International Journal of Computer Applications |
Foundation of Computer Science (FCS), NY, USA |
Volume 100 - Number 8 |
Year of Publication: 2014 |
Authors: Akshada T Bhondave, Santoshkumar Biradar |
10.5120/17542-8126 |
Akshada T Bhondave, Santoshkumar Biradar . Self-Compressive Approach for Distributed System Monitoring. International Journal of Computer Applications. 100, 8 ( August 2014), 1-5. DOI=10.5120/17542-8126
Large-Scale distributed hosting infrastructures have become the basic platforms for several real-world production systems. But a challenging task is to achieve both scalability and high precision while monitoring a large number of intra-node attributes that contain information relating to each node and inter-node attribute that denote measurements between different nodes.
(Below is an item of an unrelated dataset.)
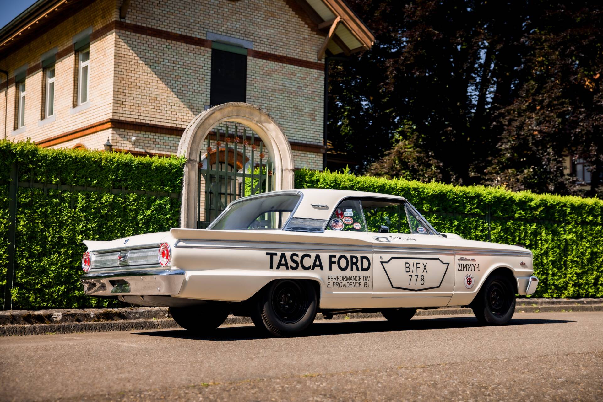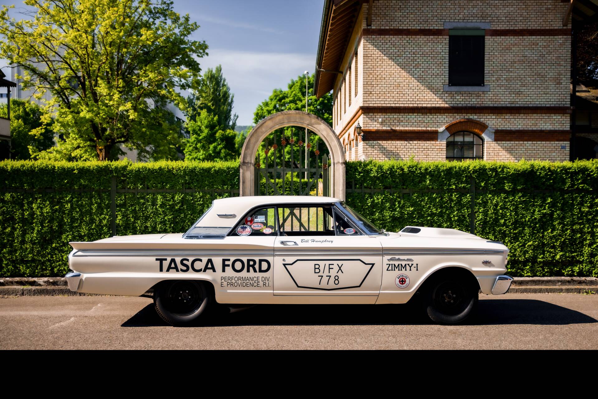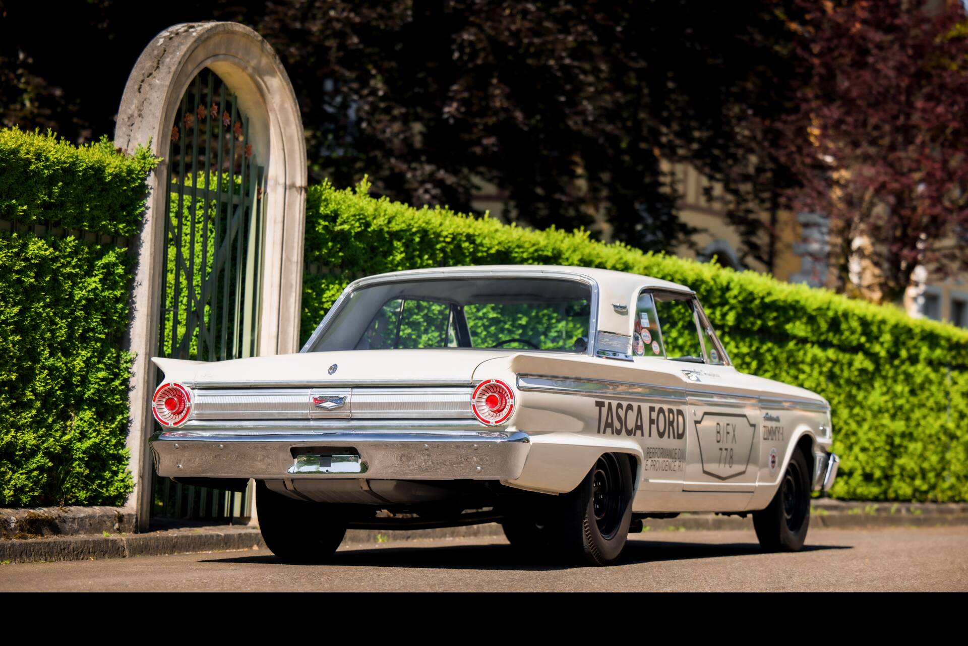 Die erste Hälfte der 60er Jahre markiert die goldene Ära des Drag Racing in den USA. Die unter der National Hot Rod Association (NHRA) durchgeführten Virtel Meilen Rennen waren noch nie so populär. Mehr Hubraum, mehr Leistung, mehr Racing war das Credo. Auch die Hersteller aus Detroit mischten im grossen Stil mit und bekamen mit „FX“ (Factory Experimental) ein eigenes Rennklassement um sich dort zu messen. Das Grundprinzip: ein kompaktes Serienfahrzeug allen unnötigen Gewichts zu entledigen und den grössten und leistungsstärksten Motor aus der Produktion einzubauen. So begann das Kräftemessen zwischen Ford, GM und Chrysler. Schliesslich war es die Zeit von „win on Sunday, sell on Monday“. 1962/63 geriet der Fairlane mehr in den Fokus für Fords Drag Racing Programm, wo man bis anhin auf den Galaxie setzte. So wurde ein nagelneuer 1963er Ford Fairlane mit einem 410 cui Mercury V8 ausgestattet, welcher wiederum kurz darauf dem neuen 427 Platz machte. Ausserdem wurden Heizung, Radio, Dämmmaterial und weitere unnütze Bauteile entfernt. Damit der gigantische Motor auch Platz fand wurde die ikonische „Teardrop“ Motorhaube aus GFK angebracht. Gemäss dem NHRA Reglement gab es 7 Zoll Sliks auf der Hinterachse. In diesem Auto liess Ford Testfahrer Bill Humphrey auf dem Detroit Dragway die Virtelmeile in 11 Sekunden hinter sich. Von da an war klar: Der Fairlane war der neue Star am Virtelmeilen Himmel. Das Projekt wurde weitergetrieben und mit dem Modelljahr 64 erschien offiziell der Fairlane „Tunderbolt“. Nur 127 dieser Wagen mit der 427er Maschine verliessen das Werk und sind heute extrem seltene und hochpreisige Sammlerfahrzeuge. Der Prototyp jedoch, das von Tasca Ford gesponserte Auto von Bill Humprey, wurde daraufhin geschlachtet. Leider eine gängige Praxis damals.

This paper presents a new distributed monitoring framework Based on video coding techniques of named RBOIC (Replica Based Online Information Compression for Scalable Hosting Infrastructure Monitoring) which uses novel image based approach in which system models snapshots of the monitored distributed system images and applies lightweight online reference block search algorithm to compress monitoring traffic from worker to management node to achieve scalable full coverage monitoring. RBOIC explores the design, implementation of adaptive rood pattern search algorithm to find out optimal or near optimal reference values for each attribute. RBOIC effectively achieve failure-resilient monitoring by restoring monitoring data on replica node. The experimental evaluation of compressive monitoring system has been done using real time monitoring data . The experimental results show that RBOIC can achieve much higher compression ratios with less overhead and adaptive rood pattern search (APRS) achieves better performance by preventing unnecessary intermediate search than diamond search pattern.